▶ _ACTIVITY_:
Please output the records below in full, exactly as given, but without the images.

(Excerpts from a dataset)
== Segment start ==
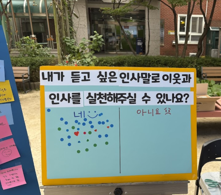 이번 번개팅에서는 주민분들이 이웃에게 어떤 인사말을 듣고 싶은지, 앞으로 이웃과 인사를 실천해 주실 수 있는지 이야기를 듣는 번개팅을 진행했습니다.
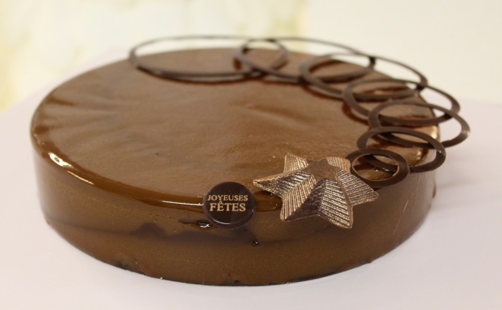 Nous avons également pu découvrir l’entremets proposé pour le Nouvel An appelé l’Etoile Filante, composé d’une mousse chocolat noir, d’un confit bergamotte et d’un biscuit pain d’épice.
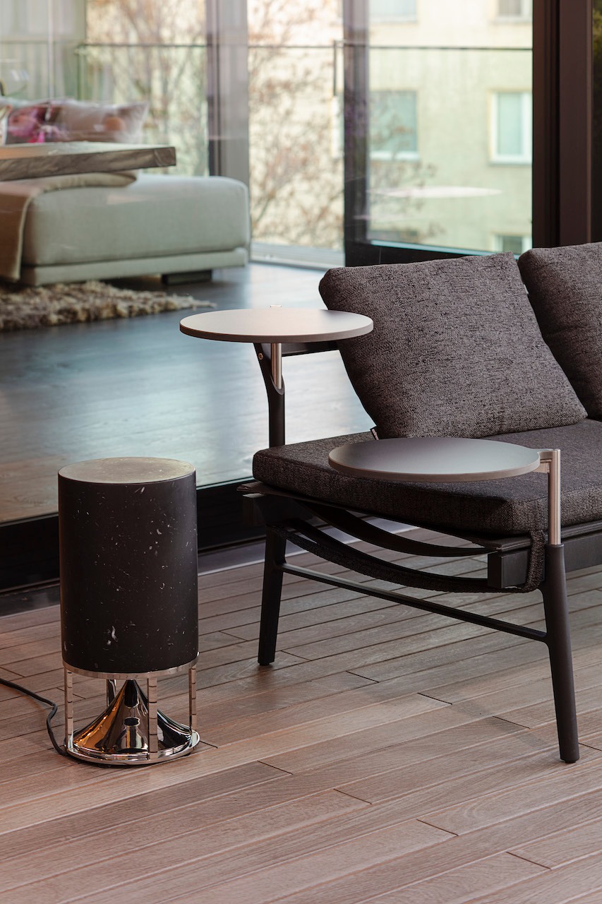 Hochwertiger wetterfester Säulenlautsprecher aus schwarzem Mamor und Edelstahl-Sockel sorgt für ein perfektes Klangerlebnis. © Fotografie Gabriel Büchelmeier
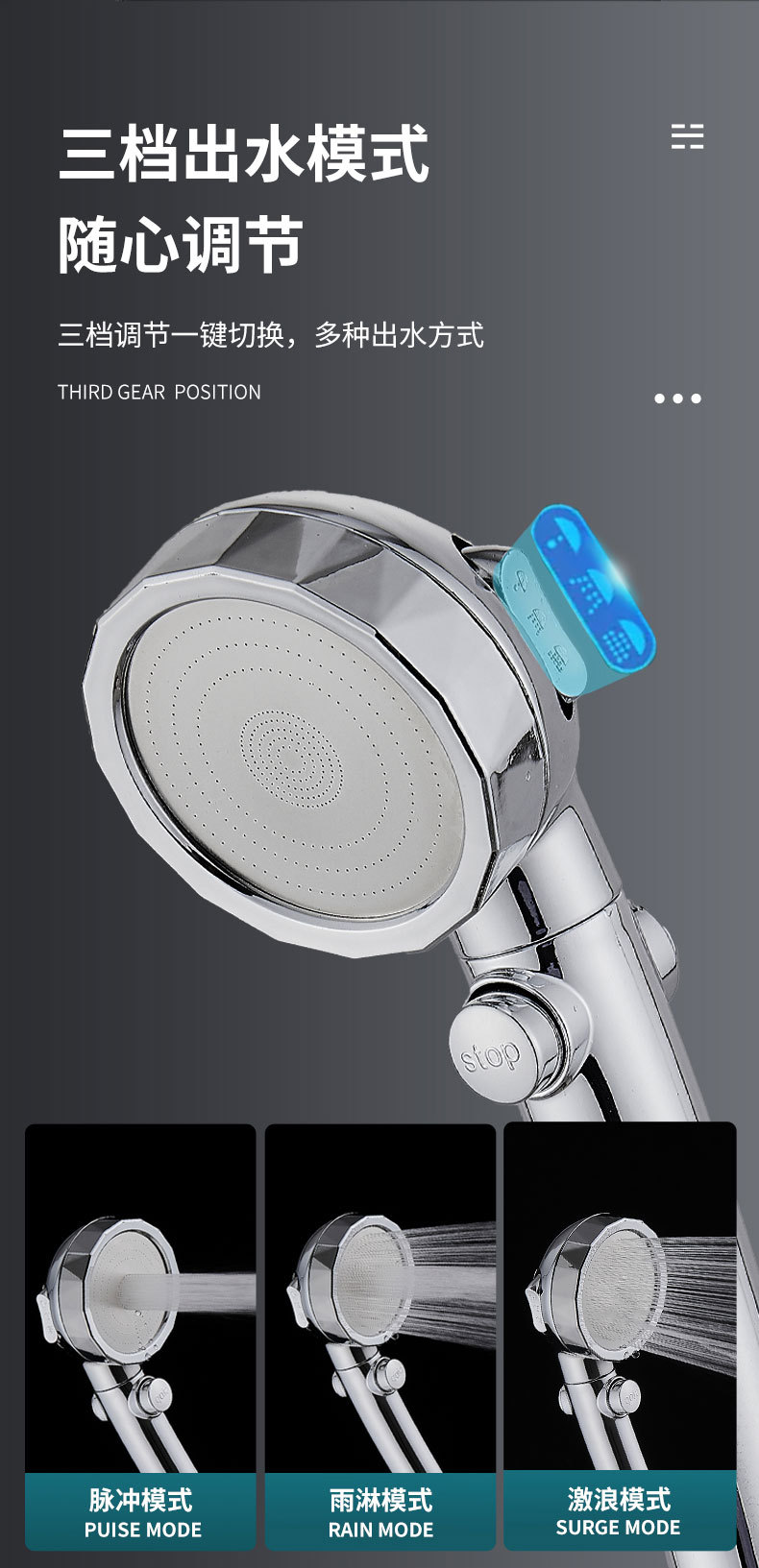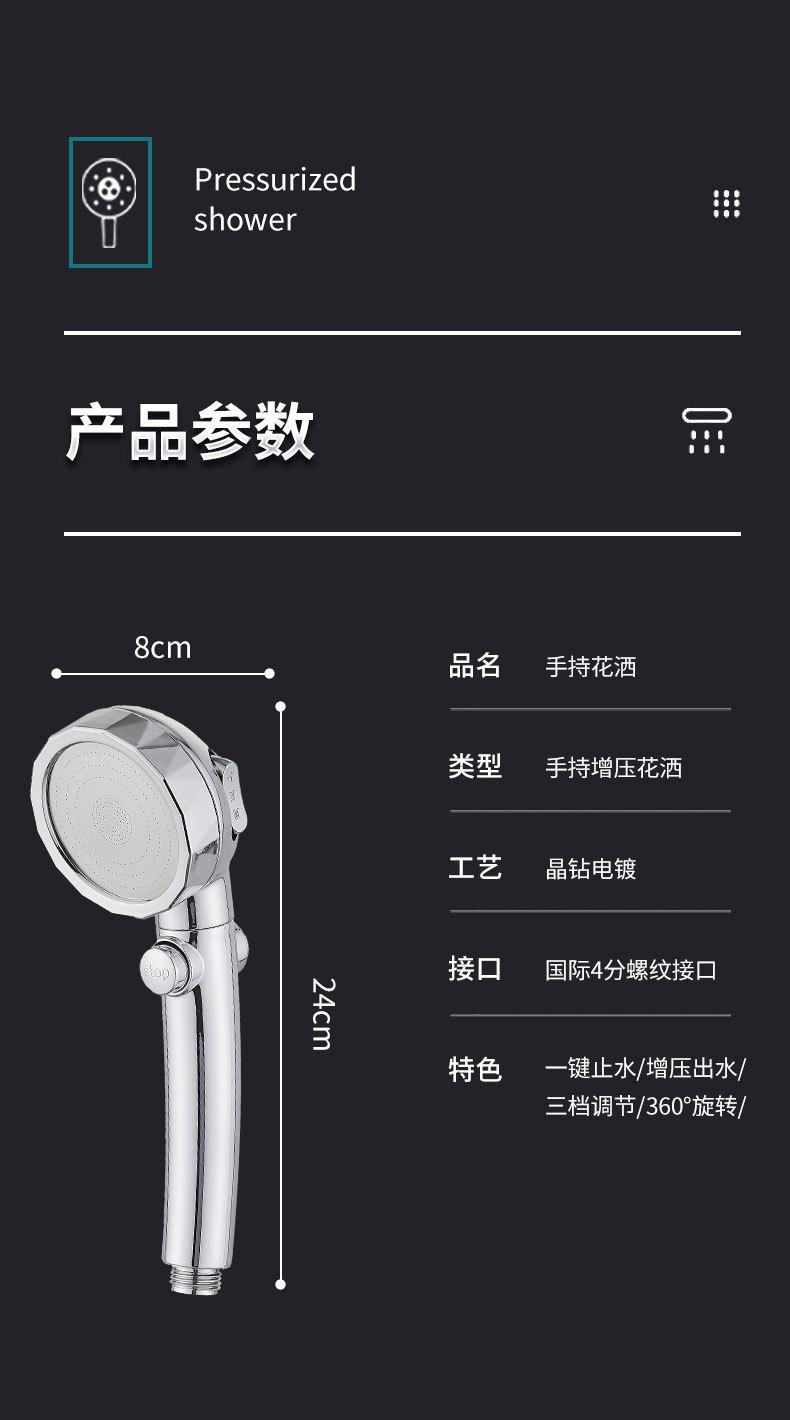 • 백금 크리스탈 다이아몬드 도금 3단 분사 헤드
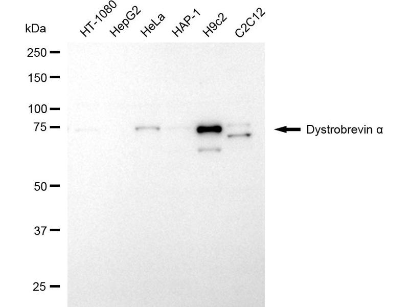 This Mouse Monoclonal antibody specifically detects DTNA in WB. It exhibits reactivity toward Human.
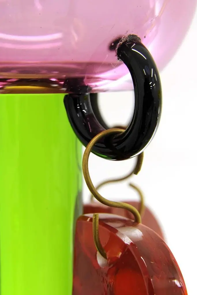 The Clesitera glass vase with pendant, was originally designed by Ettore Sottsass in 1986. The vase is blown glass, and signed on the base, for further information please see authenticity info below. Ettore Sottsass was born in Innsbruck in 1917. In 1939 he graduated in architecture at the Politecnico di Torino one of the most influential and important figures of the last century, architect and designer, he has participated in all radical movements whether created from the 1970s and 1980s. In 1981 he founded the Memphis Group, a group that has radically changed the scenario of Italian and world design. Honored with numerous international awards, was winner of the Golden Compass in 1959. He designed the first laptop "Valentina" by Olivetti. He died in 2007 at the age of 90 years.Memphis is the great cultural phenomenon of the 1980s that revolutionized creative and commercial logics in design. Born from the idea of Ettore Sottsass and a group of young designers and architects, in Milan, coupled in the years by famous designers from the international scene, Memphis turned upside down all of the existing parameters on living. Ettore Sottsass as the backbone of the group, design gained a new concept and expression through new shapes, materials and patterns, expanding the creative limits of the industry. Memphis became a symbol of new design. Its influence is still clear in various sectors of production and beyond.Additional Info:- Dimensions: H 19.75 inches- Materials: Glass- Due to the product material and production process, the colors and dimensions for this product may vary.- Pricing: Prices do not include VAT.- Purchased products are shipped with forms of authenticity by Memphis Milano. Glass and Silver items as well, contain an engraving which shows the signature of the designer, and the year which the product was originally designed in.
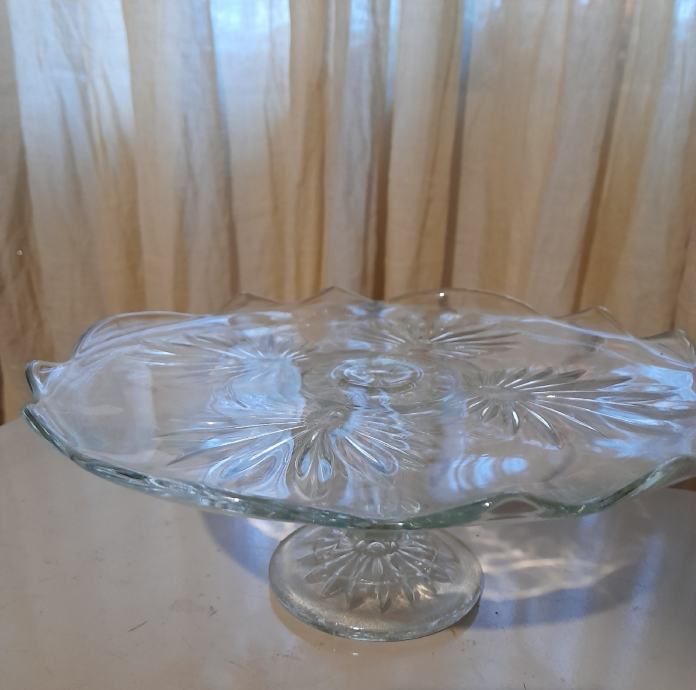 Stakleni tanjur za tortu na nogici.Ljepog dizajna.Ne saljem
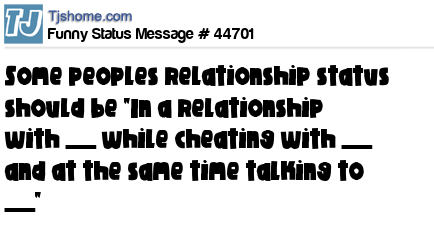 - # 62413 Thinks some peoples relationship status should be "In a relationship with ___ while cheating with ___ and at the same time talking to ___"
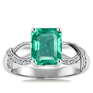1.60ct Zambian Emerald set in Vintage Twilight Natural Diamond Ring
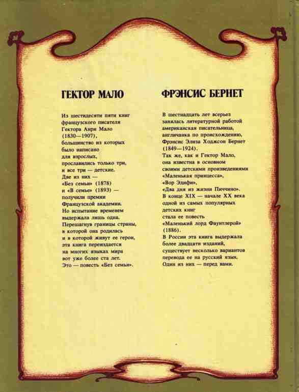 Одно из самых светлых и добрых впечатлений людей старшего поколения — небольшая книжка англо-американской писательницы Фрэнсис Ходгсон Бернетт «Маленький лорд Фаунтлерой», выходившая у нас и под названием «Маленький лорд», и «Приключения маленького лорда». Автору этих строк довелось читать ее в далекие довоенные годы. И по сей день помнится то теплое, радостное чувство, с каким бралась в руки эта книжка с рассыпающимися листками, как бережно передавалась друзьям и как прояснялись лица тех, кто говорил о ней.
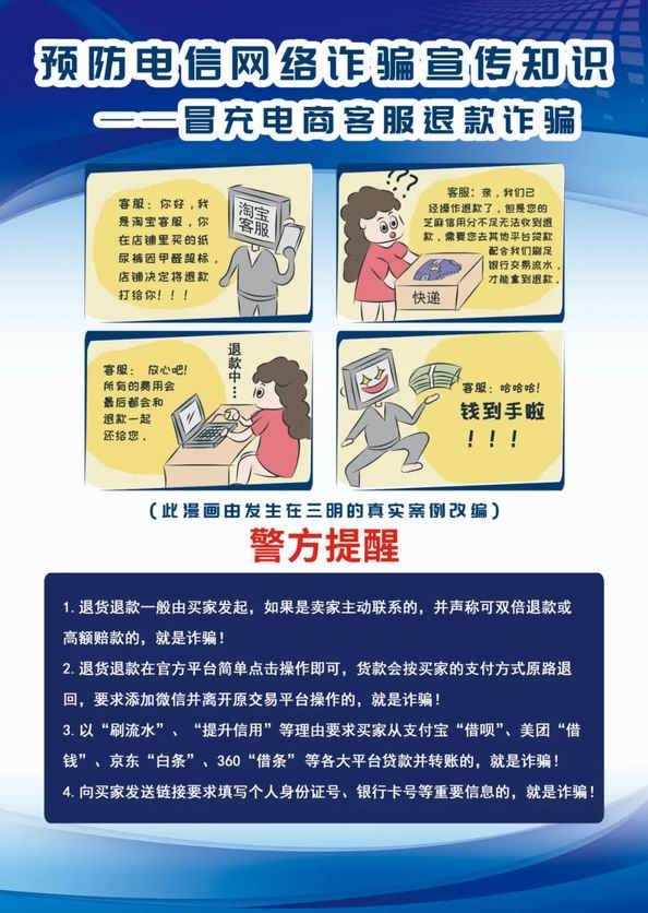 案件类型 虚假交易(游戏充值)2起,冒充客服4起,冒充QQ好友1起,网络贷款1起;冒充客服发案数及涉案金额最多,达44500元,占71.8%。 发案区域 城关街道3起,荆西街道(三明学院)2起,白沙街道、中村乡、岩前镇各1起。 常见诈骗手法之冒充客服退赔类诈骗 诈骗分子通过非法渠道获取受害人网购等信息,冒充网店客服给受害人打电话,称其网购的商品因各种原因不能按时送达(如:快件丢失、质量有问题、缺货),但可以帮助受害人办理退款事宜,发送钓鱼网站链接给受害人,诱骗受害人在网页上输入身份信息、银行卡信息和验证码等,随后将受害人银行卡内的欠款转走。 警方提醒 遇到网购客服通过电话、短信联系,大家一定要提高警惕,对方索要银行卡、密码、验证码等一律不提供,若订单或物品真的存在疑问,建议通过网购平台等正规渠道向客服求证。如不慎被骗,请保存好聊天截图、转账记录,向警方寻求帮助。
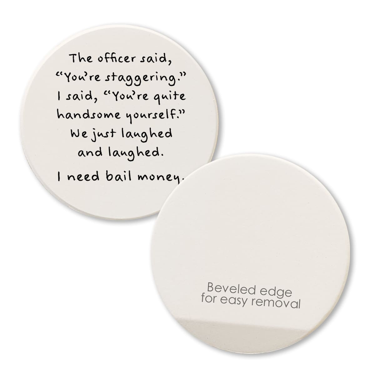 Keep your cup holders clean and dry with these 2.75″ round absorbent car coasters. Permanently printed with high resolution graphics and humorous sayings that won’t fade or wear off. Made in America of absorbent ceramic. Fits most cup holders.
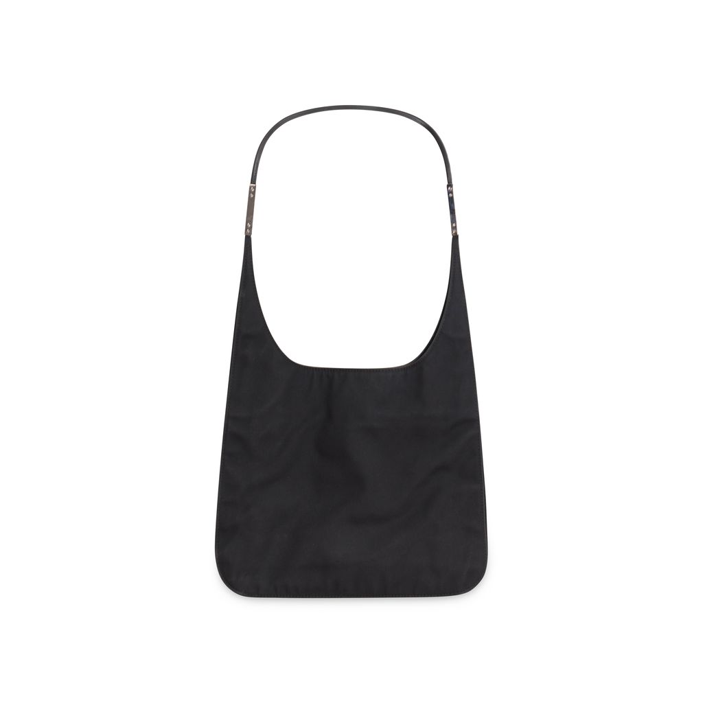 Gucci Canvas Hobo Shoulder Bag features silver logo hardware on strap, button closure, zipper pocket on inside, logo lining.
== Segment end ==
▶ _OUTPUT OF THE TASK_:
 이번 번개팅에서는 주민분들이 이웃에게 어떤 인사말을 듣고 싶은지, 앞으로 이웃과 인사를 실천해 주실 수 있는지 이야기를 듣는 번개팅을 진행했습니다.
 Nous avons également pu découvrir l’entremets proposé pour le Nouvel An appelé l’Etoile Filante, composé d’une mousse chocolat noir, d’un confit bergamotte et d’un biscuit pain d’épice.
 Hochwertiger wetterfester Säulenlautsprecher aus schwarzem Mamor und Edelstahl-Sockel sorgt für ein perfektes Klangerlebnis. © Fotografie Gabriel Büchelmeier
 • 백금 크리스탈 다이아몬드 도금 3단 분사 헤드
 This Mouse Monoclonal antibody specifically detects DTNA in WB. It exhibits reactivity toward Human.
 The Clesitera glass vase with pendant, was originally designed by Ettore Sottsass in 1986. The vase is blown glass, and signed on the base, for further information please see authenticity info below. Ettore Sottsass was born in Innsbruck in 1917. In 1939 he graduated in architecture at the Politecnico di Torino one of the most influential and important figures of the last century, architect and designer, he has participated in all radical movements whether created from the 1970s and 1980s. In 1981 he founded the Memphis Group, a group that has radically changed the scenario of Italian and world design. Honored with numerous international awards, was winner of the Golden Compass in 1959. He designed the first laptop "Valentina" by Olivetti. He died in 2007 at the age of 90 years.Memphis is the great cultural phenomenon of the 1980s that revolutionized creative and commercial logics in design. Born from the idea of Ettore Sottsass and a group of young designers and architects, in Milan, coupled in the years by famous designers from the international scene, Memphis turned upside down all of the existing parameters on living. Ettore Sottsass as the backbone of the group, design gained a new concept and expression through new shapes, materials and patterns, expanding the creative limits of the industry. Memphis became a symbol of new design. Its influence is still clear in various sectors of production and beyond.Additional Info:- Dimensions: H 19.75 inches- Materials: Glass- Due to the product material and production process, the colors and dimensions for this product may vary.- Pricing: Prices do not include VAT.- Purchased products are shipped with forms of authenticity by Memphis Milano. Glass and Silver items as well, contain an engraving which shows the signature of the designer, and the year which the product was originally designed in.
 Stakleni tanjur za tortu na nogici.Ljepog dizajna.Ne saljem
 - # 62413 Thinks some peoples relationship status should be "In a relationship with ___ while cheating with ___ and at the same time talking to ___"
1.60ct Zambian Emerald set in Vintage Twilight Natural Diamond Ring
 Одно из самых светлых и добрых впечатлений людей старшего поколения — небольшая книжка англо-американской писательницы Фрэнсис Ходгсон Бернетт «Маленький лорд Фаунтлерой», выходившая у нас и под названием «Маленький лорд», и «Приключения маленького лорда». Автору этих строк довелось читать ее в далекие довоенные годы. И по сей день помнится то теплое, радостное чувство, с каким бралась в руки эта книжка с рассыпающимися листками, как бережно передавалась друзьям и как прояснялись лица тех, кто говорил о ней.
 案件类型 虚假交易(游戏充值)2起,冒充客服4起,冒充QQ好友1起,网络贷款1起;冒充客服发案数及涉案金额最多,达44500元,占71.8%。 发案区域 城关街道3起,荆西街道(三明学院)2起,白沙街道、中村乡、岩前镇各1起。 常见诈骗手法之冒充客服退赔类诈骗 诈骗分子通过非法渠道获取受害人网购等信息,冒充网店客服给受害人打电话,称其网购的商品因各种原因不能按时送达(如:快件丢失、质量有问题、缺货),但可以帮助受害人办理退款事宜,发送钓鱼网站链接给受害人,诱骗受害人在网页上输入身份信息、银行卡信息和验证码等,随后将受害人银行卡内的欠款转走。 警方提醒 遇到网购客服通过电话、短信联系,大家一定要提高警惕,对方索要银行卡、密码、验证码等一律不提供,若订单或物品真的存在疑问,建议通过网购平台等正规渠道向客服求证。如不慎被骗,请保存好聊天截图、转账记录,向警方寻求帮助。
 Keep your cup holders clean and dry with these 2.75″ round absorbent car coasters. Permanently printed with high resolution graphics and humorous sayings that won’t fade or wear off. Made in America of absorbent ceramic. Fits most cup holders.
 Gucci Canvas Hobo Shoulder Bag features silver logo hardware on strap, button closure, zipper pocket on inside, logo lining.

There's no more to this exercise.